----- Provided data -----

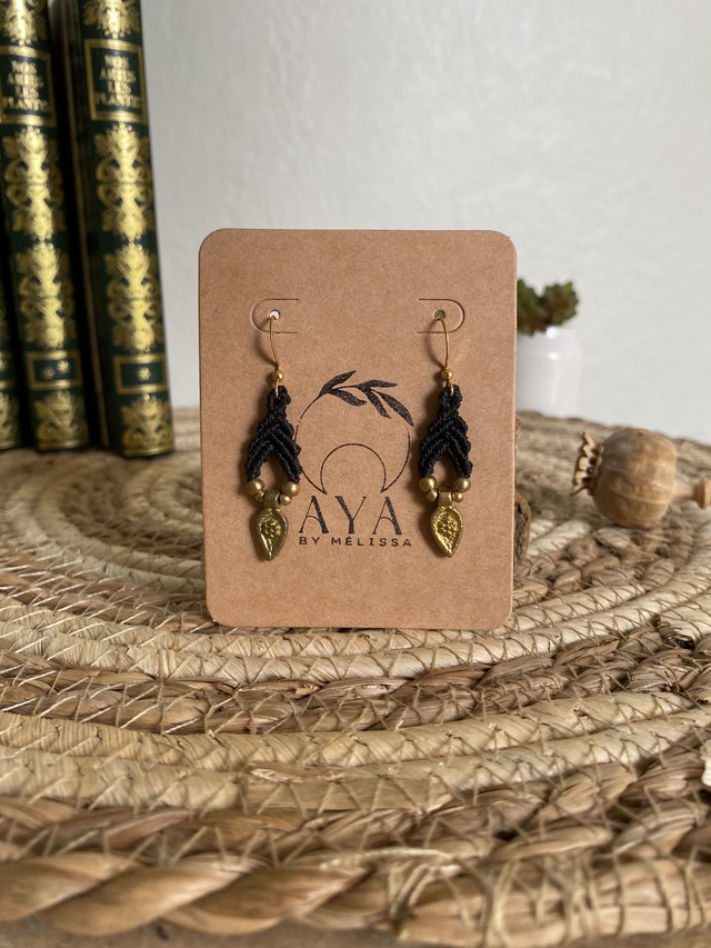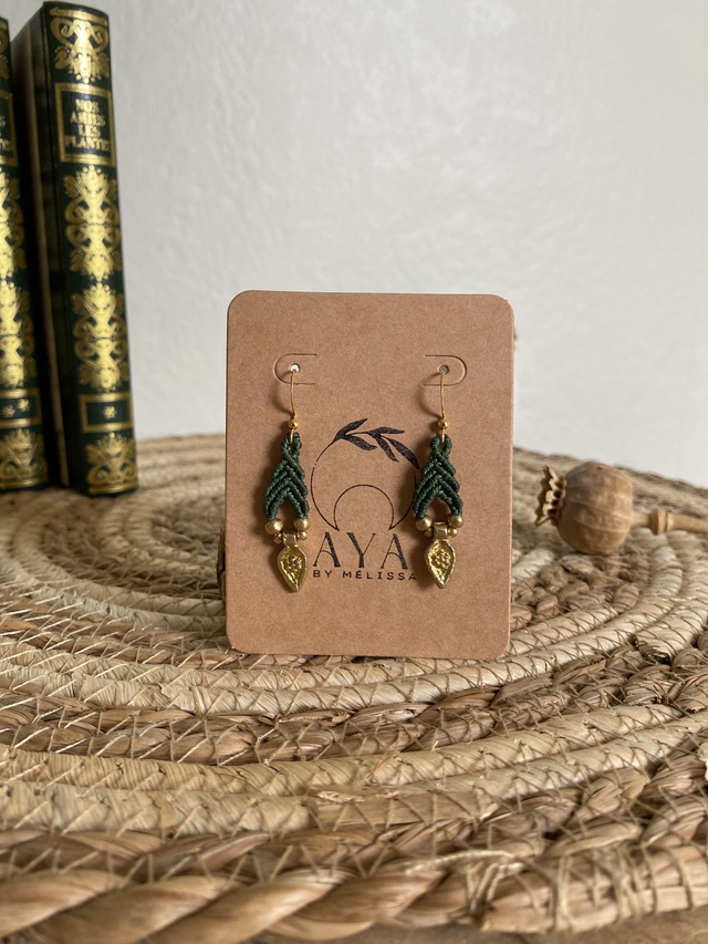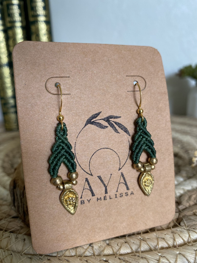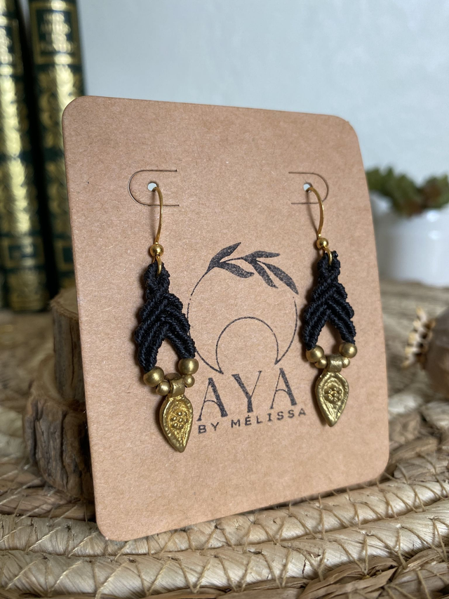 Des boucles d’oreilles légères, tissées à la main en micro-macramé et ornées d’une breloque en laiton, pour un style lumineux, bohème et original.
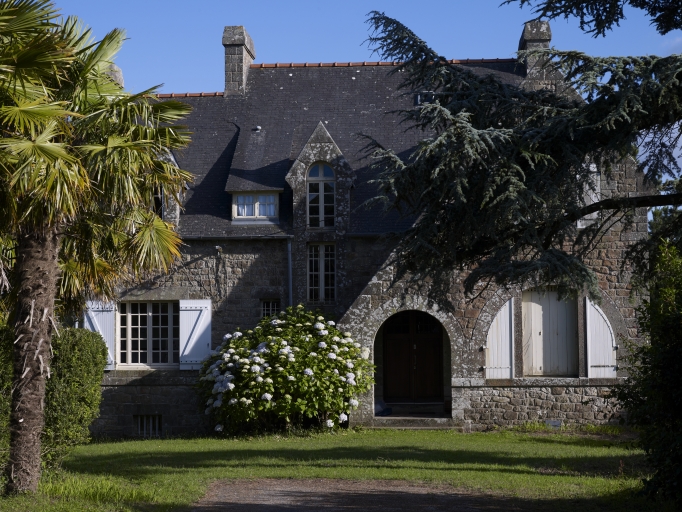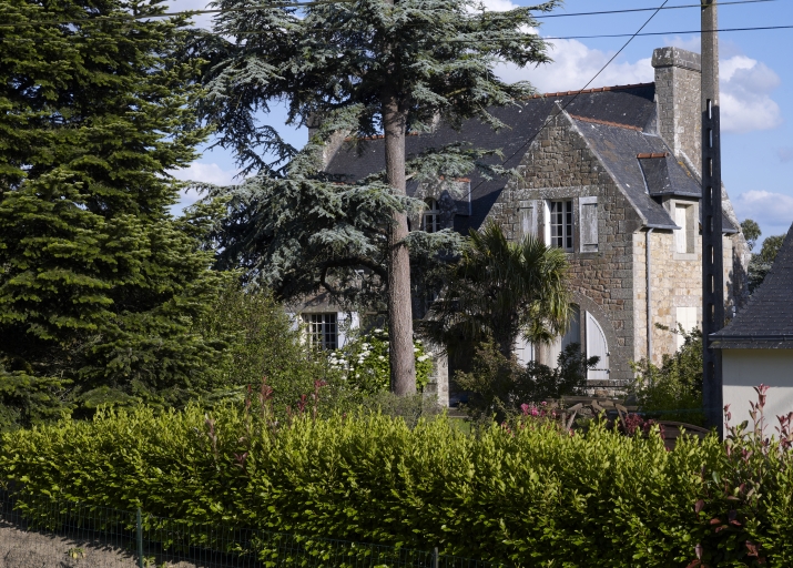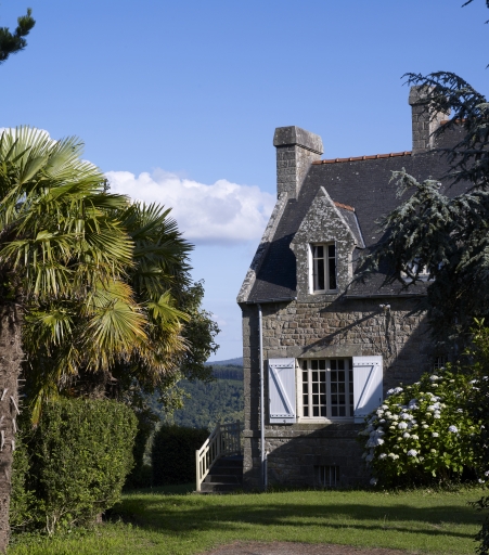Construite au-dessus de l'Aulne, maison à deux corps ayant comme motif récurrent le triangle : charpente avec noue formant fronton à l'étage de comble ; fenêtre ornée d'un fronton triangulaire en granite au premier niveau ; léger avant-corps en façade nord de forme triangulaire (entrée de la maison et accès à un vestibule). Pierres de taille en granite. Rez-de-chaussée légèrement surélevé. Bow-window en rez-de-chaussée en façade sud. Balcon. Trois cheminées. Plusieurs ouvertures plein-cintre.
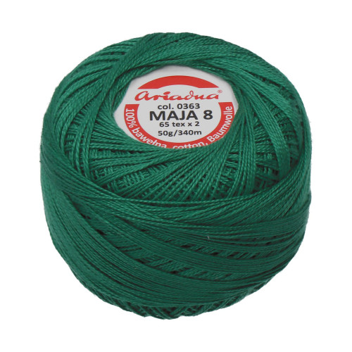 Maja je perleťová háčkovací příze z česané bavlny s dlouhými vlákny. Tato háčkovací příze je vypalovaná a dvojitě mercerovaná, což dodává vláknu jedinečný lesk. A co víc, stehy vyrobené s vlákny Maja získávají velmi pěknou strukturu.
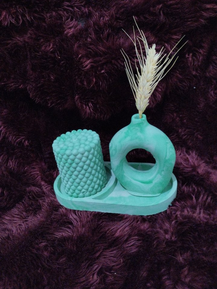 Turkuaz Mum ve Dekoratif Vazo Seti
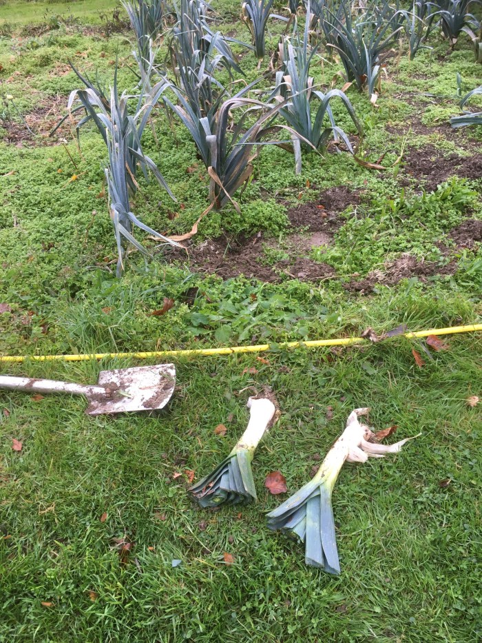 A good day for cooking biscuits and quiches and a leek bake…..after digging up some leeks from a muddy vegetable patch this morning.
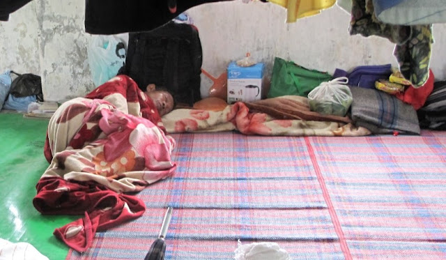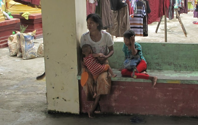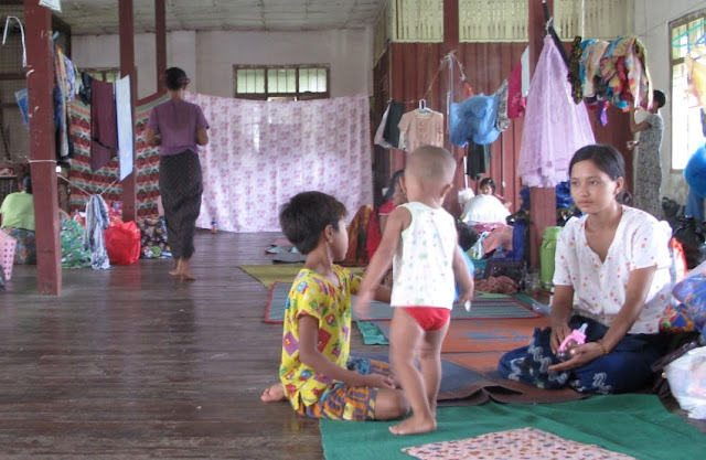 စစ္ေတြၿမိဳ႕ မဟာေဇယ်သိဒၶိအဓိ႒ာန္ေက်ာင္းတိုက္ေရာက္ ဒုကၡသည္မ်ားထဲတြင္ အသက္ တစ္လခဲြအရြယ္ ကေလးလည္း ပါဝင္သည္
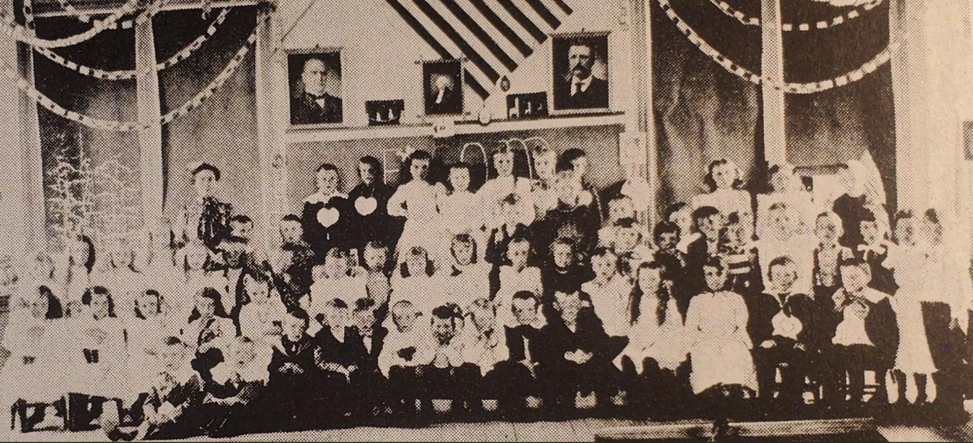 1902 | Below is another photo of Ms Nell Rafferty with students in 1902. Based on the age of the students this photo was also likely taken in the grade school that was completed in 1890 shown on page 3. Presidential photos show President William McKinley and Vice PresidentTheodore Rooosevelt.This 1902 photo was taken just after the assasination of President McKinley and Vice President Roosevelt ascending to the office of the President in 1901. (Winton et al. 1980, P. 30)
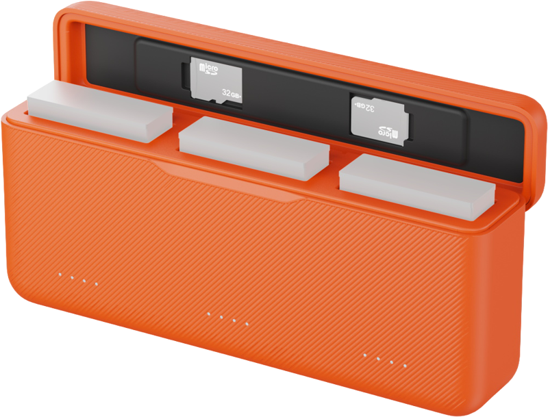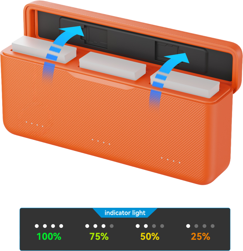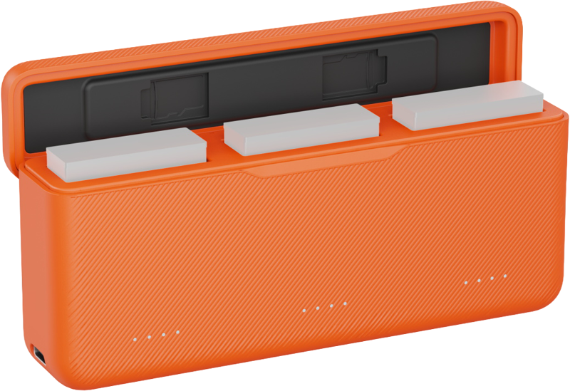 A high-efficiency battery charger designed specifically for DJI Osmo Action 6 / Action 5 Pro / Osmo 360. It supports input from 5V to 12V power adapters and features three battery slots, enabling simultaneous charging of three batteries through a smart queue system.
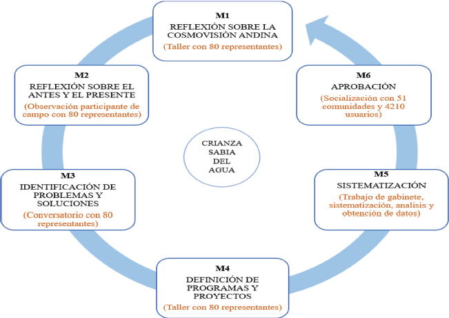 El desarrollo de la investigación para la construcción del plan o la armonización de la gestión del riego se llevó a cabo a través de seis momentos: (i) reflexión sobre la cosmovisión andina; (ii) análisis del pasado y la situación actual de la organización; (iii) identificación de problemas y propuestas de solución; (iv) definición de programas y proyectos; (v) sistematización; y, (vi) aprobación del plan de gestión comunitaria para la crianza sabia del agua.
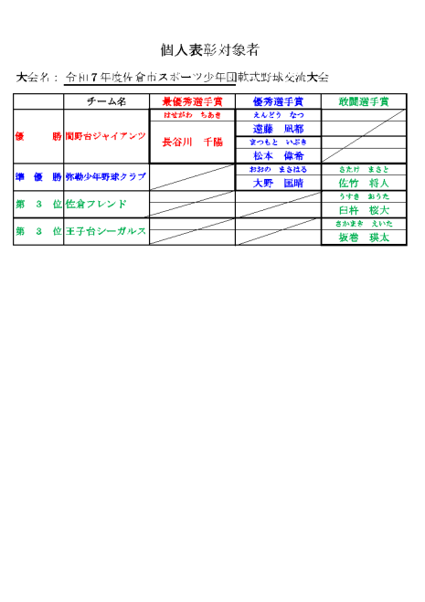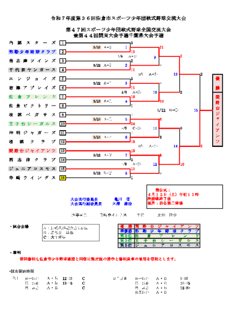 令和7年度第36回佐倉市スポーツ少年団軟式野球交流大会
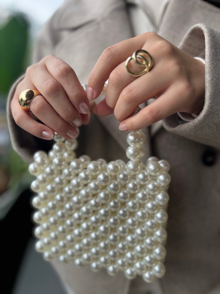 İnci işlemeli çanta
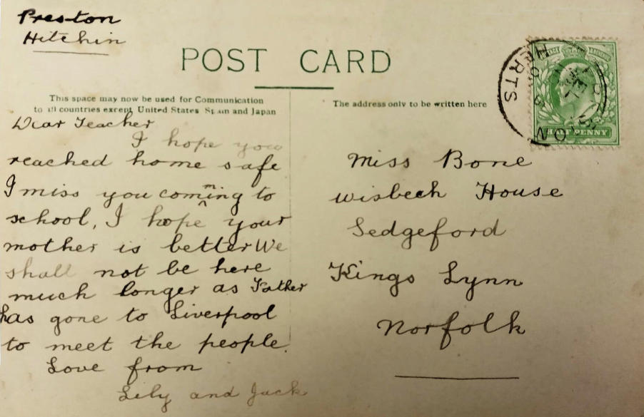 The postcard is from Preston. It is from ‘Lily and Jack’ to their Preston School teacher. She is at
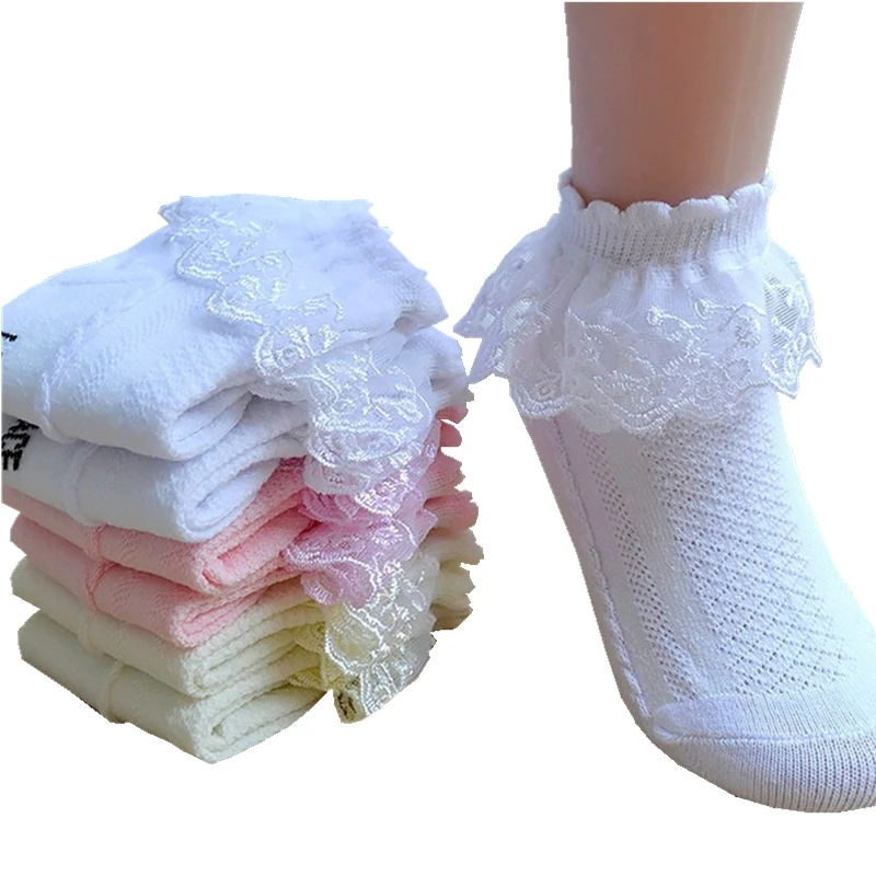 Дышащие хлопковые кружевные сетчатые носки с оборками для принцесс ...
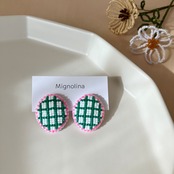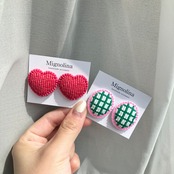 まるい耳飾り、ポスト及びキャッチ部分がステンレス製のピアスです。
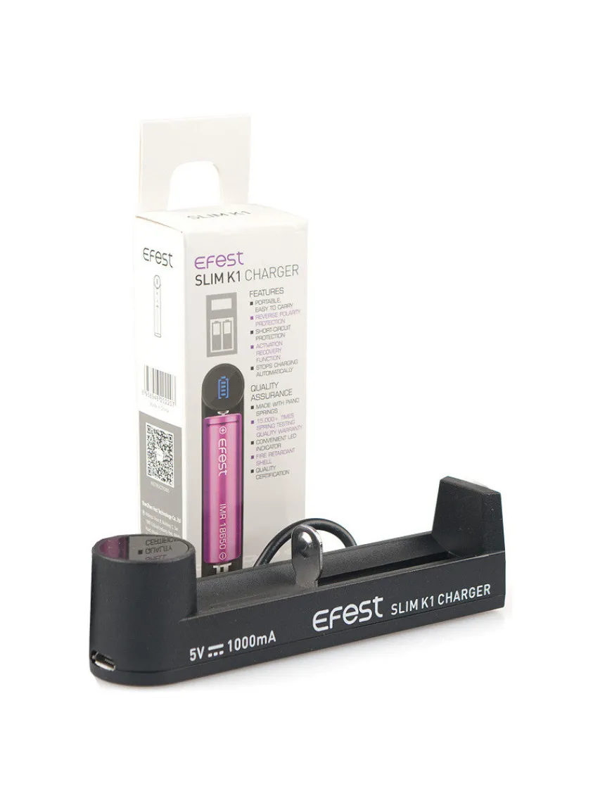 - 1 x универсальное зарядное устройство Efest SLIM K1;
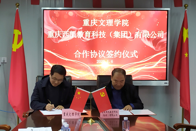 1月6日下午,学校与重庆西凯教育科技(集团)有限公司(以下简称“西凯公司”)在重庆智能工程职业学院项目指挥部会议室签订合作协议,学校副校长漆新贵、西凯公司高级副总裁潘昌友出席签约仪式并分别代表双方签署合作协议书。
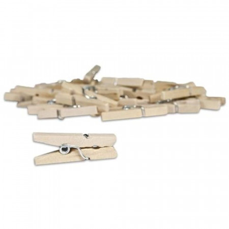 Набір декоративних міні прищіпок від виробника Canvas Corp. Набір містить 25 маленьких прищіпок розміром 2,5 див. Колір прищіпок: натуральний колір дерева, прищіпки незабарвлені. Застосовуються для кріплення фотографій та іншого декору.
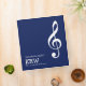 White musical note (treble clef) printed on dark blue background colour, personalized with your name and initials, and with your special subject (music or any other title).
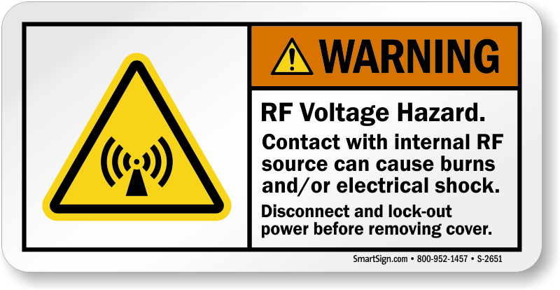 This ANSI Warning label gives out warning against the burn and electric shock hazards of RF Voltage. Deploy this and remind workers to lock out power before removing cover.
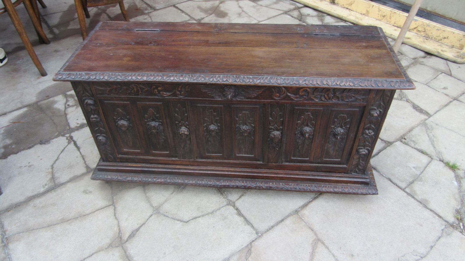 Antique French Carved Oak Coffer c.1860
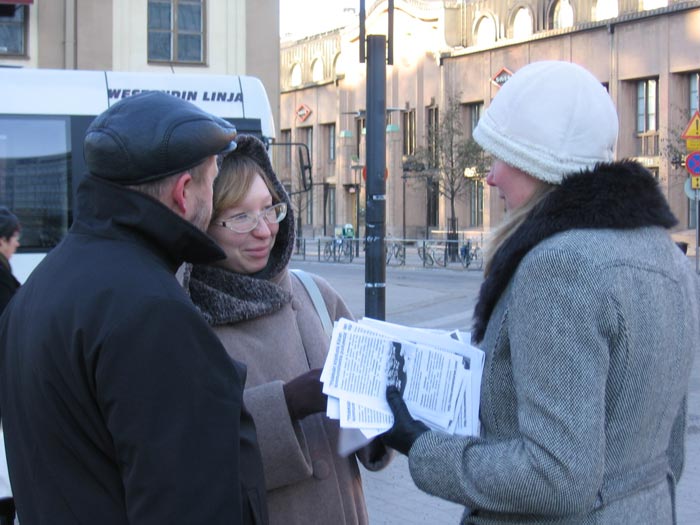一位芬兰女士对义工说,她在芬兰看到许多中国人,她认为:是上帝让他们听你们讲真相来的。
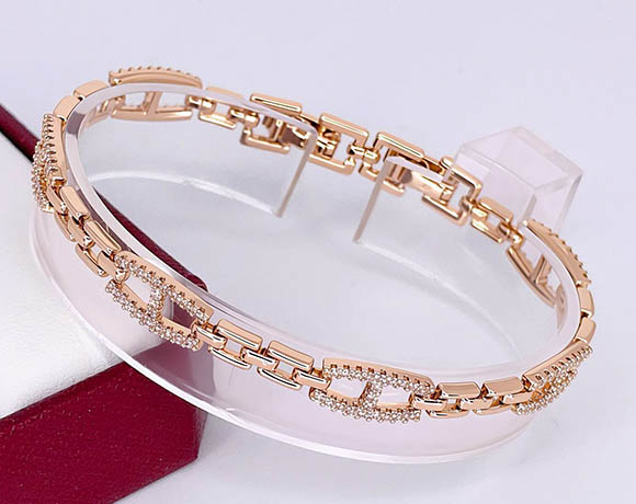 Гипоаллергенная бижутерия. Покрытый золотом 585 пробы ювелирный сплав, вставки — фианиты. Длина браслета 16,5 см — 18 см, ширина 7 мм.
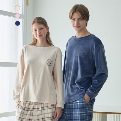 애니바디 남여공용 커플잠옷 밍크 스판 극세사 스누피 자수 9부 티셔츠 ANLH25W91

-----

Try it
Pictures stay out. Repeat only the lines from the beginning of the data through the line that has "A high-efficiency battery".

Solved exercise
 Des boucles d’oreilles légères, tissées à la main en micro-macramé et ornées d’une breloque en laiton, pour un style lumineux, bohème et original.
Construite au-dessus de l'Aulne, maison à deux corps ayant comme motif récurrent le triangle : charpente avec noue formant fronton à l'étage de comble ; fenêtre ornée d'un fronton triangulaire en granite au premier niveau ; léger avant-corps en façade nord de forme triangulaire (entrée de la maison et accès à un vestibule). Pierres de taille en granite. Rez-de-chaussée légèrement surélevé. Bow-window en rez-de-chaussée en façade sud. Balcon. Trois cheminées. Plusieurs ouvertures plein-cintre.
 Maja je perleťová háčkovací příze z česané bavlny s dlouhými vlákny. Tato háčkovací příze je vypalovaná a dvojitě mercerovaná, což dodává vláknu jedinečný lesk. A co víc, stehy vyrobené s vlákny Maja získávají velmi pěknou strukturu.
 Turkuaz Mum ve Dekoratif Vazo Seti
 A good day for cooking biscuits and quiches and a leek bake…..after digging up some leeks from a muddy vegetable patch this morning.
 စစ္ေတြၿမိဳ႕ မဟာေဇယ်သိဒၶိအဓိ႒ာန္ေက်ာင္းတိုက္ေရာက္ ဒုကၡသည္မ်ားထဲတြင္ အသက္ တစ္လခဲြအရြယ္ ကေလးလည္း ပါဝင္သည္
 1902 | Below is another photo of Ms Nell Rafferty with students in 1902. Based on the age of the students this photo was also likely taken in the grade school that was completed in 1890 shown on page 3. Presidential photos show President William McKinley and Vice PresidentTheodore Rooosevelt.This 1902 photo was taken just after the assasination of President McKinley and Vice President Roosevelt ascending to the office of the President in 1901. (Winton et al. 1980, P. 30)
 A high-efficiency battery charger designed specifically for DJI Osmo Action 6 / Action 5 Pro / Osmo 360. It supports input from 5V to 12V power adapters and features three battery slots, enabling simultaneous charging of three batteries through a smart queue system.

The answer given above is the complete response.